To get started, type one of these: helpwin, helpdesk, or demo.
For product information, visit www.mathworks.com.

Starting ...
Elapsed time is 63.783560 seconds.
>> Matlab processing done. Moving data back
Job done. Ending at Tue Dec 31 10:07:59 CET 2013

Running in parallel:

Matlab Parallel Computing Toolbox product offers several features that simplify the development of parallel applications in MATLAB. It offers programming constructs such as parallel loops and distributed arrays that let you extend your serial programming into a parallel domain. You can use these constructs without the requirement of learning a complex parallel language or making significant changes to your existing code. The toolbox supports interactive development, which lets you connect to your cluster from a MATLAB session to interactively perform parallel computations or use them in batch. Currently, the Paralell Computing Toolbox license is limited to 12 local cores per worker. 

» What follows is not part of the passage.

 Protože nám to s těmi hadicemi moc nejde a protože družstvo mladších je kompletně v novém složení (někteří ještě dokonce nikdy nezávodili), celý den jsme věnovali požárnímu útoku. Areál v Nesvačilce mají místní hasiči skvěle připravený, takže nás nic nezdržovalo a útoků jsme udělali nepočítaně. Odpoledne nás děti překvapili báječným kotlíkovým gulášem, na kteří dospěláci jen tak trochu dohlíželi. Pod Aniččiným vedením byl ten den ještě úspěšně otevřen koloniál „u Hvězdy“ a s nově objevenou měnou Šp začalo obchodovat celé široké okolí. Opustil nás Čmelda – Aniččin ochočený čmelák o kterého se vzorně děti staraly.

Let's run the same MonteCarlo simulation taking advantage of the paralellization. To do this, we must do two things:

a. Reserve a pool of N workers to register the job on SGE (where N is 12 at the maximum)

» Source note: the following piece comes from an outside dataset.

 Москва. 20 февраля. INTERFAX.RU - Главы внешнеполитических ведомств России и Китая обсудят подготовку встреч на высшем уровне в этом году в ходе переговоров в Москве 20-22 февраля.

b. Tell Matlab to use the local pool of workers

1. Let's modify our Matlab script. We'll use the 'parfor' instead of 'for'. We can do it as long as the inner operations on the loop does not depend on the loop iterator, and we'll also use the directive parpool to create the pool using the profile 'local' with 6 slots. More information on Matlab cluster profiles here:

 
%% PARFOR DEMO
 
%% Init problem
% Init pe
parpool('local',6)
 
% MonteCarlo simulations
disp('Starting ...')
tic;
iter    = 100000;
sz      = 55;
a       = zeros(1, iter);
parfor (simNum = 1:iter, 6)
        a(simNum)= myFunction(sz);
end
toc;
delete(gcp)

2. Let's modify also our submission script. We'll include the -pe option to reserve as many slots as we have specified in the previous parfor command. We'll also modify the lines to call the job and the output and error files:

[...]
# Requested resources:
#
# Simulation name
# ----------------
#$ -N "MonteCarlo-paralell"
#
# Paralell environment: we'll use six cores
# on the paralell environment called 'smp'
# -----------------------------------------
#$ -pe smp 6
[...]
# Output and error files go on the user's home:
# -------------------------------------------------
#$ -o /homedtic/ijimenez/Matlab/MonteCarlo/job-out/montecarlo-paralell.out
#$ -e /homedtic/ijimenez/Matlab/MonteCarlo/job-out/montecarlo-paralell.err
[...]
This time, if we check the speedup achieved shown by the output files, we'll see that serial took nearly a minute, and paralell took 13 seconds. This shows a speedup of 1:6:
 
Serial: Elapsed time is 63.909396 seconds.

Paralell:Elapsed time is 13.476630 seconds.